In 2011 a wave of screen locking ransomware hit organisations across Europe and the US; in 2013 Cryptolocker became one of the first modern-day industrialised ransomware campaigns; In 2017 Wannacry became the first nation-state-sponsored ransomware campaign; and now cases like Maze, REvil, Conti and others perform double extortion – slowly exfiltrating data from the network and encrypting files, making the response for organisations a real challenge – pay the ransom and hope the attacker returns the stolen files or decrypts them… or face the damage.

Shifting sands

Trend analysis suggests that attackers will shift their business models to expand into triple extortion techniques: exfiltrate the data, encrypt the files, then threaten the targets into submission.

Attackers will take a more progressive and persistent attack approach, entering corporate networks, stealing data slowly and staying under the radar, encrypting selectively. Attack methods are expected to shift away from easier-to-detect, widely dispersed techniques to a more crafted, bespoke model.

Targets will typically be selected based on factors such as strength of defence, levels of insurance cover and likely appetite for paying as well as their profile and prominence. The extortionists will likely focus on intimidating the subjects of stolen data privately and publicly, as well as the victim organisation, with the intention of applying direct and indirect pressures upon both groups to pay.

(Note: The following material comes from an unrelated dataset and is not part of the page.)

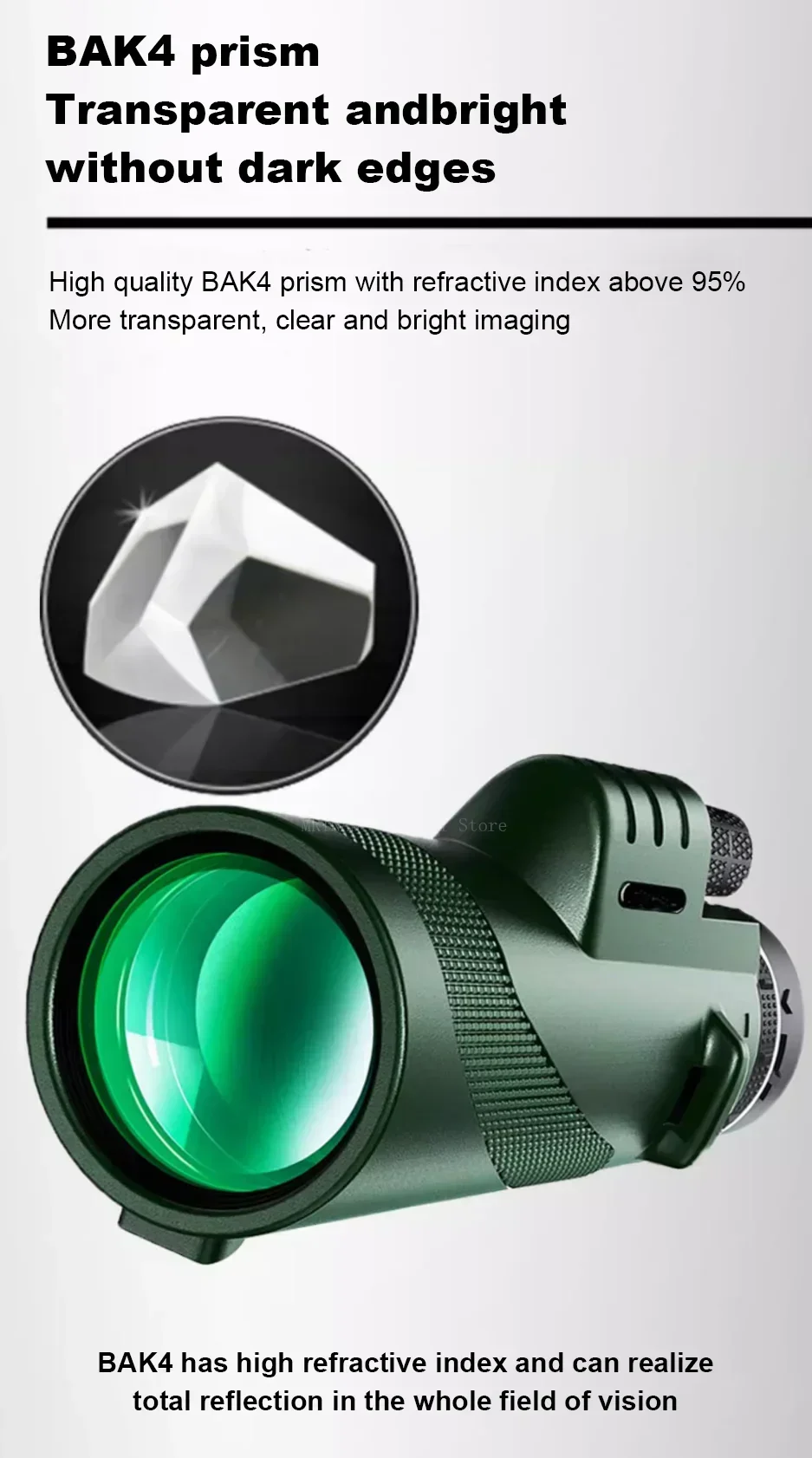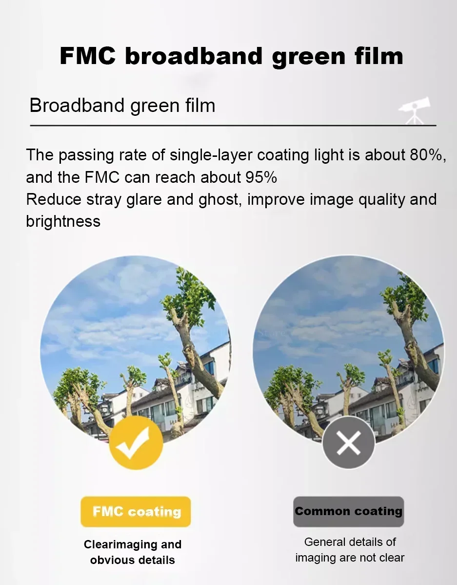 • Prisma BAK4: Equipado con un prisma BAK4, este telescopio ofrece imágenes brillantes y de alto contraste, mejorando su visibilidad incluso en condiciones de poca luz.

They will likely threaten – and not hesitate – to auction intellectual property to the highest bidder. They will also continue to leak small fragments of sensitive information into the public domain to create further tension and angst in the wider community, making the response incredibly challenging.

The challenge for security practitioners

Many security practitioners believe that their ability to effectively respond will become more complex and challenging over the next few years, especially when regulators force organisations to immediately disclose attacks.

Moreover, nation states that impose sanctions that actually inhibit the payments of ransoms to certain actors mean if corporate devices or data is encrypted, they cannot actually respond with any conviction. Over the last few years organisations have focused on taking out cyber or ransomware insurance to protect against this threat, but another trend is suggesting that insurance providers are limiting payment coverage, making it even harder to mitigate the risk.

Proactive measures

Organisations are slowly but surely investing in protective, detective and responsive controls to mitigate the risk of ransomware, but as the threat adapts, organisations will have to become more resilient and proactive. Organisations should:

  • Ensure the subject of ransomware has been socialised with the board and then understand your level of cyber hygiene versus the threat.
  • Review existing organisational cyber incident and crisis response protocols, and complete simulation exercises to test efficacy.
  • Identify data sources most likely to be hit by targeted extortion attacks (e.g. mission critical data assets, intellectual property).
  • Prepare, implement and actively maintain an organisational playbook for responding to extortion attacks.
  • Revisit security architecture to ensure appropriate network segmentation to protect mission-critical data assets, such as considering a strategy of zero trust.